Выбрать главу

Фрунзе перевел свой полевой штаб в Самарканд. Становилось все яснее, что столкновение назревает, что оно неотвратимо.

Эмир был снова предупрежден, что в Случае казни Тугаева и других революционеров он будет нести прямую ответственность.

23 августа на станции Самарканд два красноармейца явились к командующему с экстренным донесением. Их ввели в вагон. Они вручили Фрунзе пакет. Михаил Васильевич нахмурился, встал с места. Работники штаба насторожились.

— Тугаев и другие заключенные с ним товарищи казнены эмиром, — медленно, раздельно произнес Фрунзе. — В Чарджуе, в Катта-Кургане, в Карши восстание-

События развертывались быстро. В ночь па 25 августа Карши и Старый Чарджуй были заняты восставшими. Знамя эмира было сброшено в жаркую августовскую пыль и растоптано ногами дехкан. Красное знамя восстания взвилось над городками Базар-сакар, Керки, Хатырчи…

Беки, верные эмиру, — гузарский, китабский, шахризябский, зиаэдинский — двинули свою конницу к Самарканду, намереваясь обходным движением отрезать Самарканд от Ташкента и взять войска Фрунзе в кольцо.
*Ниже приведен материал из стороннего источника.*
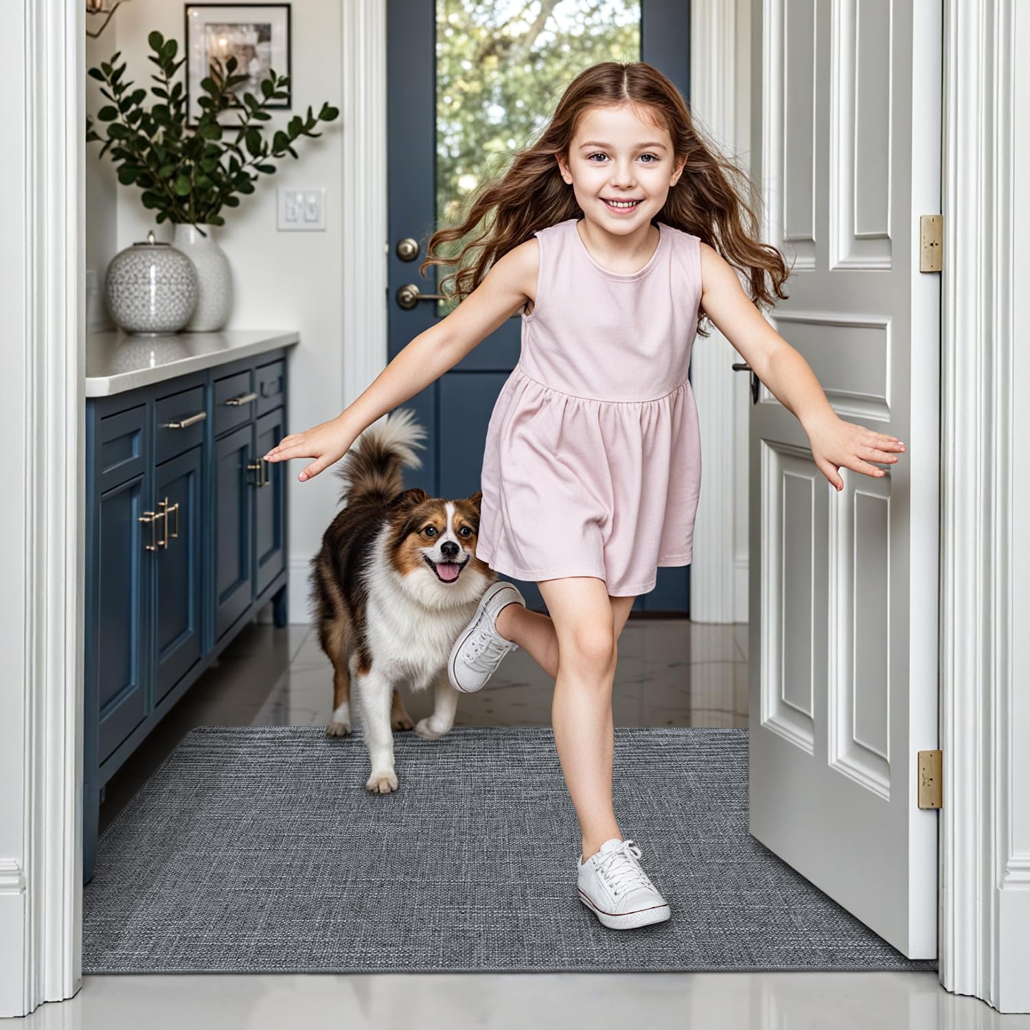 - Ultra Thin Door Mat: This front door rugs indoor comes with low pile design, which allows nearly any low clearing door to pass over with ease. Our low profile door mat is suitable for front door, back door, entryway, indoor entrance, hallway, patio, kitchen, etc
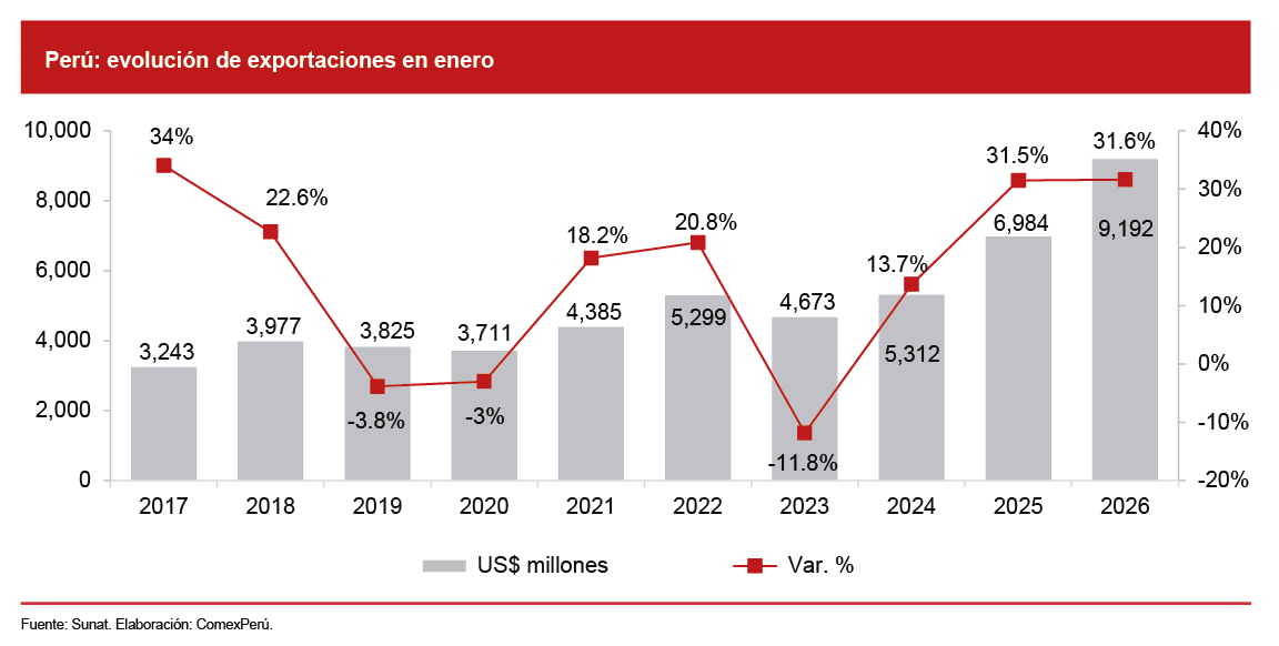 Las exportaciones peruanas arrancaron 2026 con un crecimiento notable (+31.6% en enero). Aun así, el contexto global advierte que sostener este desempeño en los siguientes meses no será tarea sencilla.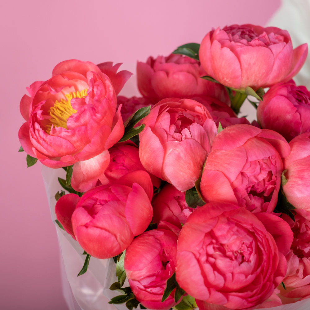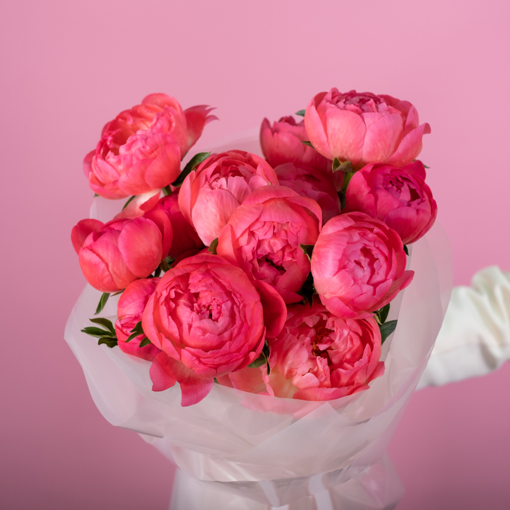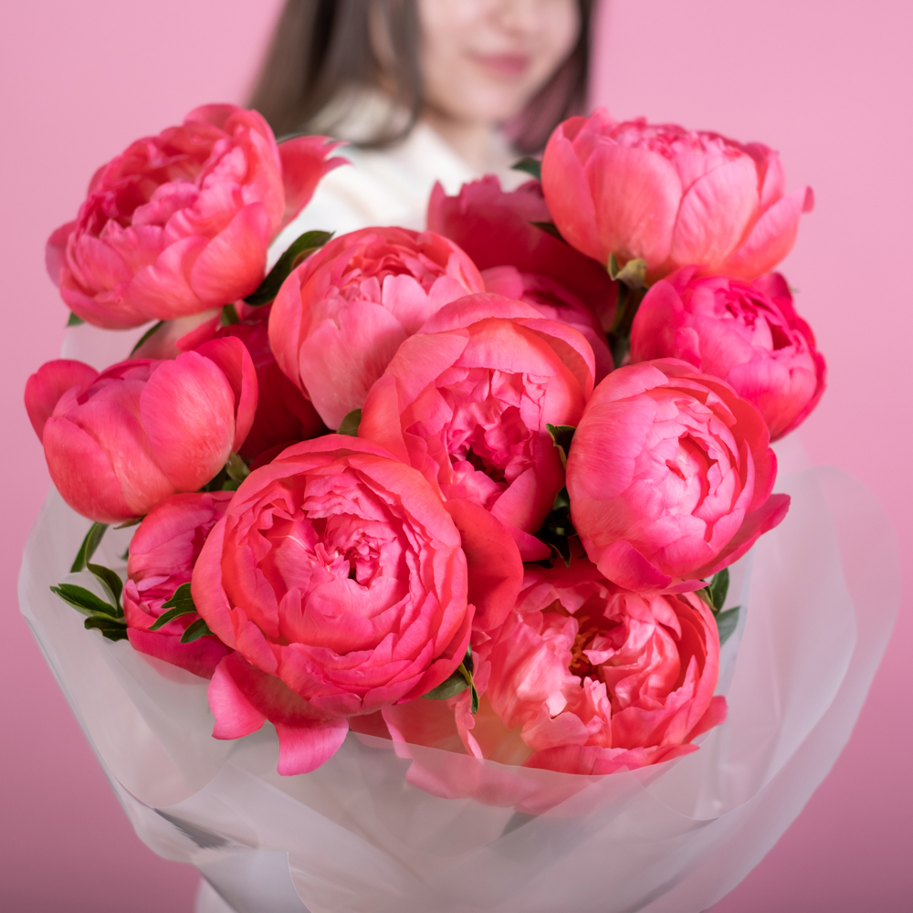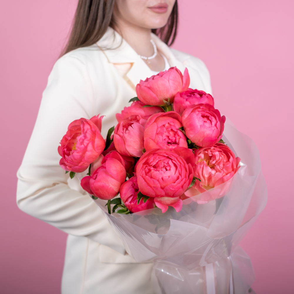 Среди всего разнообразия пионов именно цветы с коралловым оттенком пользуются особенной популярностью. Они привлекают внимание своим внешним видом, презентабельностью и роскошью. Такая композиция будет уместна в любой ситуации. Упаковка может незначительно отличаться. Пионы быстро раскрываются в тепле. На свежесть указывают плотные и упругие лепестки, зеленые листья и стебли. Коралловые пионы меняют цвет по мере распускания цветка. Вначале лепестки яркого кораллового оттенка, в дальнейшем приобретают более светлый персиковый оттенок. Через 1-2 дня в вазе становятся кремового цвета.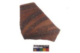 | Description / विवरण | A fragment of a potsherd. It is reddish in colour with black decorative animal painting on it. |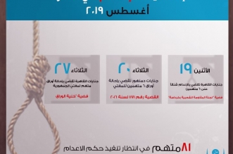 أصدر مركز عدالة للحقوق والحريات تقريرًا، رصد فيه إحصائيات أحكام الإعدام في مصر خلال شهر أغسطس المنصرم، والتي بلغت 13 حكمًا فى 3 قضايا هزلية. ونشر المركز غير ...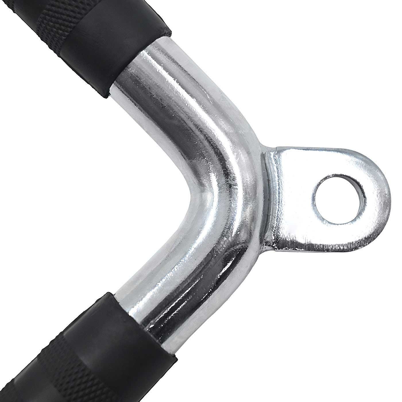 Fabricada en acero de alta resistencia y agarres y tope en caucho antideslizante, su estructura en forma de V proporciona mayor comodidad en sus muñecas.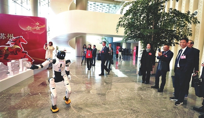 智能机器人“小能”亮相两会现场 憨态可掬还自带科技范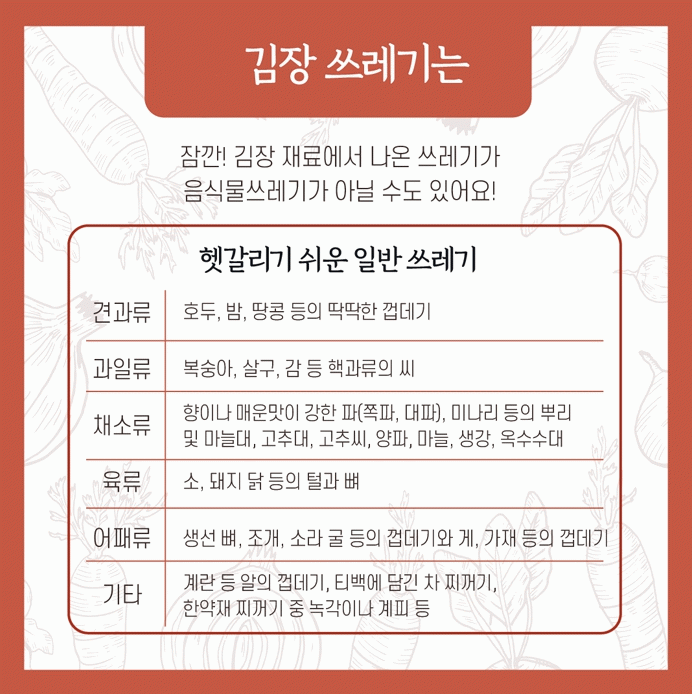 ´Ù¸¸, °¡´ÉÇÑ ÇÑ ÀÛ°Ô ½ä¾î³õÀº ±èÀåÀç·á(¹èÃß³ª ¹«)¿Í ÀýÀ̰ųª ¾ç³ä °úÁ¤¿¡¼ ³ª¿Â ¾ç³ä, Á£°¥·ù µî À̹°ÁúÀÌ ¹¯Àº ä¼Ò·ù ¹èÃâÀº À½½Ä¹°·ù Æó±â¹° Àü¿ë ¼ö°Å ¿ë±â¸¦ ÀÌ¿ëÇØ¾ß ÇÑ´Ù.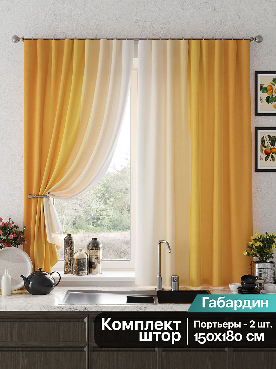 Портьеры 2 шт: Комплект штор из легкой портьерной ткани (габардин) оформлен печатным рисунком. Печатный рисунок дает широкие возможности обновить интерьер фактически нет требуя ремонта за счет огромного выбора. Ткани с печатным рисунком безопасны и не содержат токсичных веществ. Не смотря на то что, материал легкий, он имеет высокую плотность, мало загрязнятся и не требует особого ухода даже после стирки, что важно для кухонных занавесок. Шторы не выцветают, не растягиваются, превосходно драпируются, образуя струящиеся складки. Прекрасное решение для создания красоты и уюта с помощью уникальных дизайнов.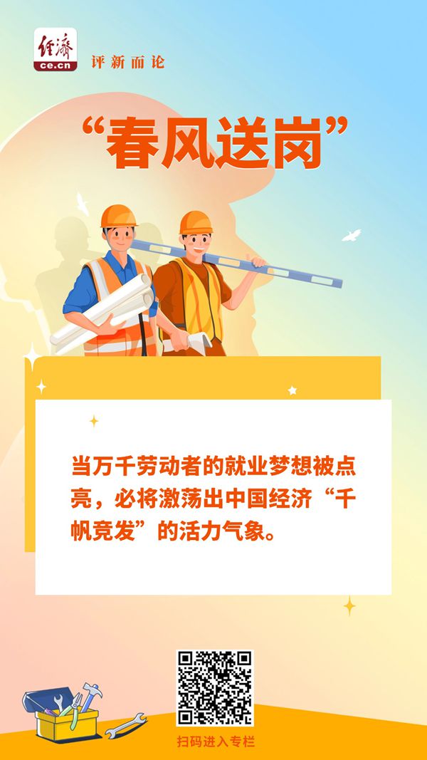 “春风送岗”,“职”引未来,“职”达幸福。当万千劳动者的就业梦想被点亮,必将激荡出中国经济“千帆竞发”的活力气象。(中国经济网评论员 子房先生)
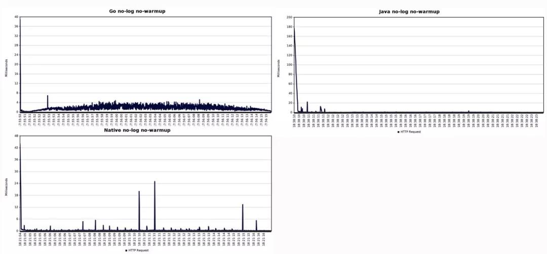 请注意,在所有三种 Java 变体当中,第一批请求的响应时间要长得多(蓝线相较于左轴的高度)而且在各项测试中,我们还看到一些峰值,其可能是由垃圾收集或优化所引起。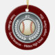 Celebrate your favourite baseball player with this personalized baseball ornament. Perfect for school teams, proud parents, and sports fans, this custom silver grey and red ceramic ornament brings team spirit to your holiday décor.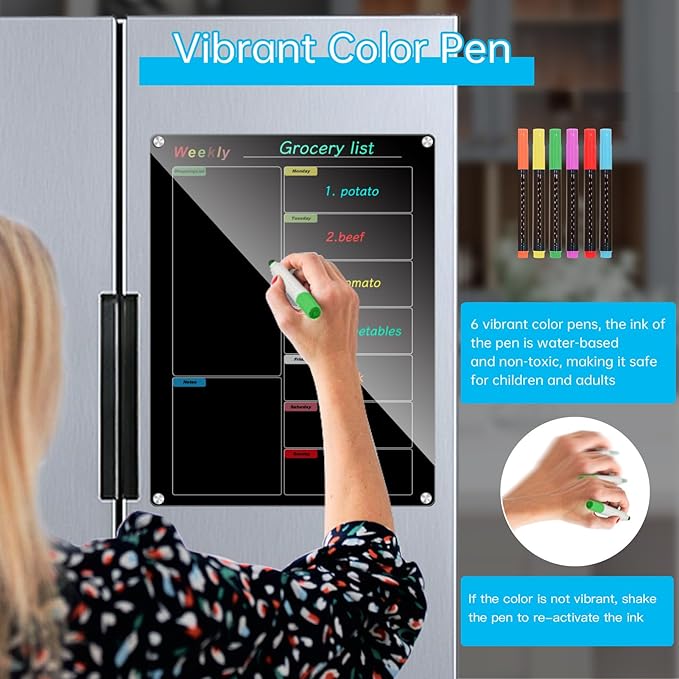 Fridge Calendar Meal Planning Board, Dry Erase Acrylic Magnetic Monthly Weekly Calendar Planner for Refrigerator with 6 Colors Markers (Black-Weekly(15.7x11.8))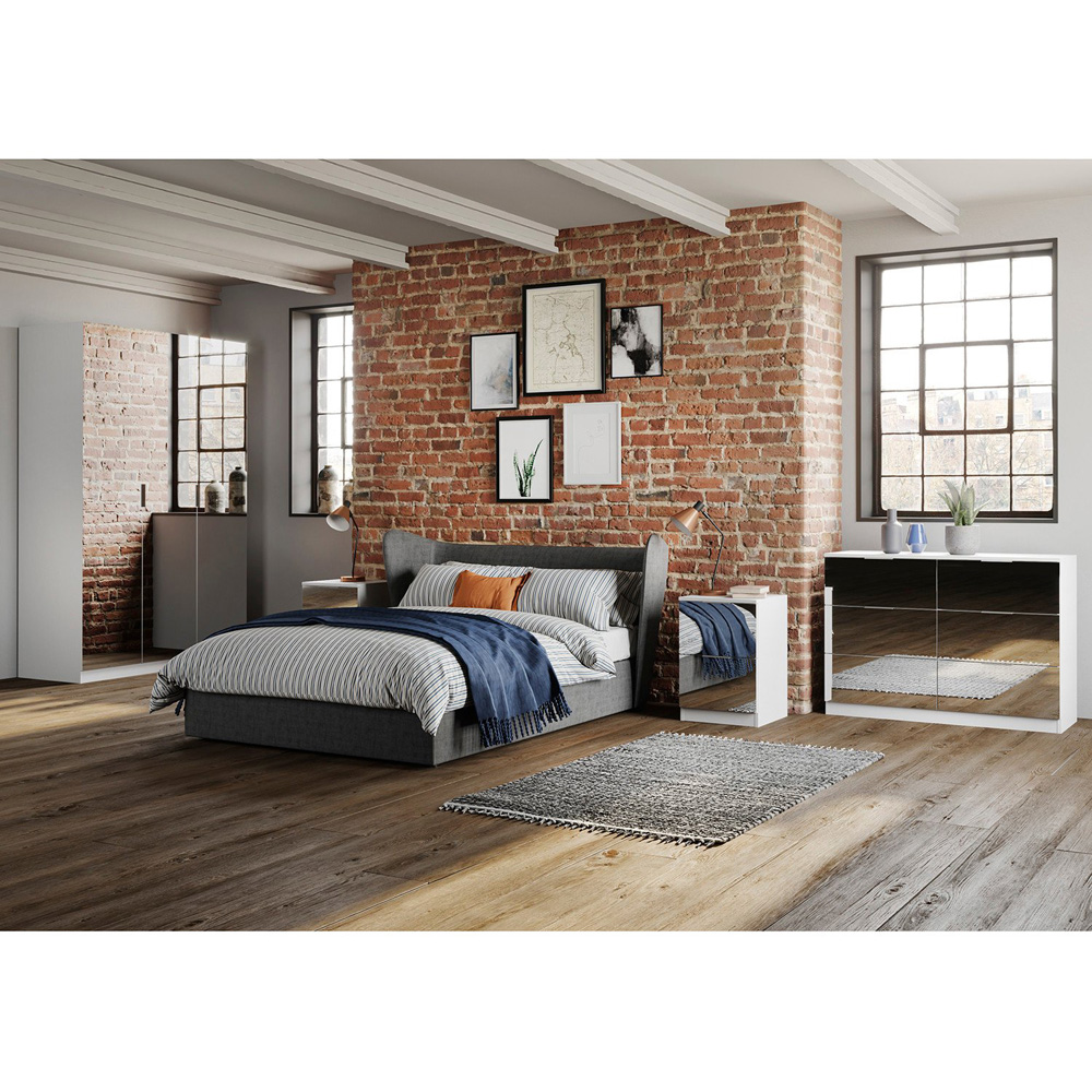 Ample storage meets modern style in the Echo Mirrored Six Drawer Wide Chest. Its sleek matte white finish and six spacious drawers, equipped with smooth-gliding metal drawer slides, make organizing your clothing a breeze. This versatile chest complements diverse décor styles, ensuring a tidy and stylish bedroom.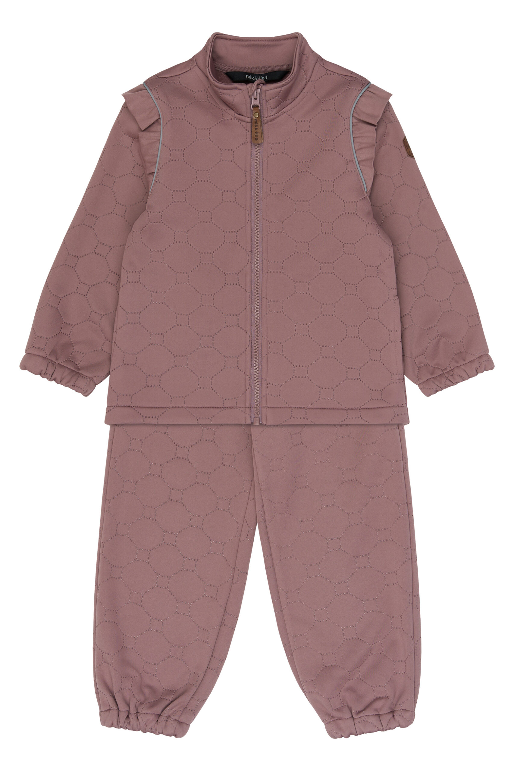 Mikk-Line Soft Thermal Set Warm Frill on mõnus ja soe kaheosaline komplekt tüdrukutele jahedamateks ilmadeks. Tepitud 100% polüestrist termo-kangas pakub usaldusväärset soojust ilma raskustundeta ning hingav disain aitab aktiivse mängu ajal kehatemperatuuri tasakaalus hoida.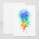 Grandes medusas de azulejo brillantes, de dibujos artísticos, con largos tentáculos en blanco, pintadas con fondo multicolor de acuarela. Mariscas arcoiris.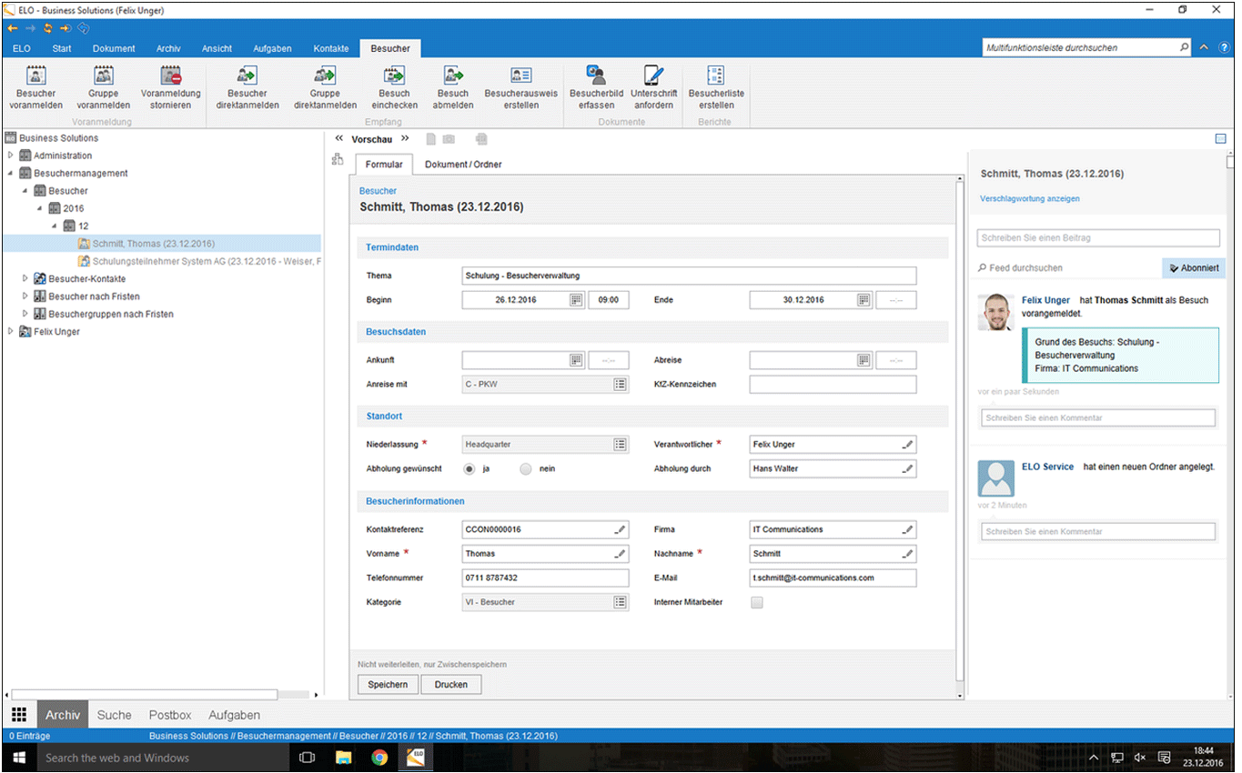 Das ELO Besuchermanagement ermöglicht die einfache Erfassung von Besucherinformationen und optimiert den gesamten Besuchsprozess – von der Planung bis zur Verabschiedung. Das spart Zeit und sorgt für eine reibungslose Organisation.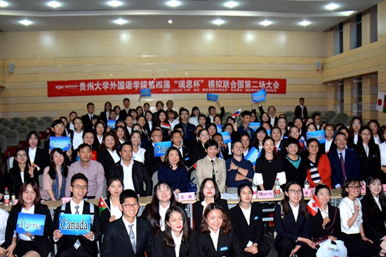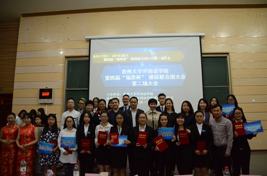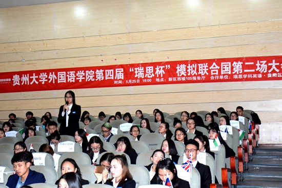 外院新闻中心讯(林培艳/文 刘卉玲、黄明慧/摄影)5月25号晚七点,由英国威廉希尔唯一官网主办,共青团英国威廉希尔唯一官网委员会和英国威廉希尔唯一官网学生会承办,瑞思学科英语•贵阳区域赞助的英国威廉希尔唯一官网第四届“瑞思杯”模拟联合国大会(第二场会议)在英国威廉希尔唯一官网(以下简称贵大)新区西楼105报告厅举行。出席本次会议的有贵大国际交流与合作处副处长吴静,贵大英国威廉希尔唯一官网院长周杰、党委副书记罗俊松,瑞思学科英语•贵阳区域投资人、校长陈静,贵大英国威廉希尔唯一官网副教授邓耘、芮婷与沈麟,外教Mark;指导教师李倩曲、学院团委负责人韦伊到现场观摩;模拟联合国大会代表队,贵大本科生、研究生代表,记者团代表,各学院代表参加大会。

28 августа 1920 года Фрунзе подписал приказ войскам Туркестанского фронта: «В ряде местностей Бухары вспыхнуло революционное движение. Настал час решительной схватки подавленных и порабощенных трудящихся масс Бухары с кровожадным правительством эмира и беков. Полки нарождающейся бухарской Красной Армии двинулись на помощь родному народу. Красные полки рабоче-крестьянской России обязаны стать подле них. Приказываю всей нашей вооруженной мощью прийти на помощь бухарскому народу в этот час решения…

Вперед, за интересы трудящихся Бухары и России!..»

Четыре колонны войск Красной Армии — Чарджуйская, Каганская, Катта-Курганская и Самаркандская — двинулись на помощь бухарскому народу, чтобы поддержать его в борьбе против тирании эмира.

10 тысяч войск Красной Армии против 50 тысяч войск Сеид-Алима — таково было соотношение сил в численном выражении, но совершенно иным было оно в смысле моральном: Красная Армия, как всегда, знала, за что она борется!

Укрепления Старой Бухары были внушительны. Весь город окружала массивная глиняная стена, высотой более десяти метров и толщиной до пяти метров. Даже артиллерийские снаряды среднего калибра могли только долбить эту стену, не причиняя ей большого ущерба. Головоломный переплет узких, как ущелья, переулков таился за этими древними стенами. Ворваться за городскую стену еще далеко не означало овладеть столицей эмира. В центре города высилась многобашенная цитадель «Арка» — эмирский оплот с высокими и толстыми кирпичными стенами.

С тридцатиметровой башни Манар-и-Калян — «Минарет смерти» — эмиру и его военным советникам как на ладони видна была вся широко раскинувшаяся столица и окружавший ее далеко во все стороны лабиринт дувалов, арыков, кривых узких тропок, дворов, садов…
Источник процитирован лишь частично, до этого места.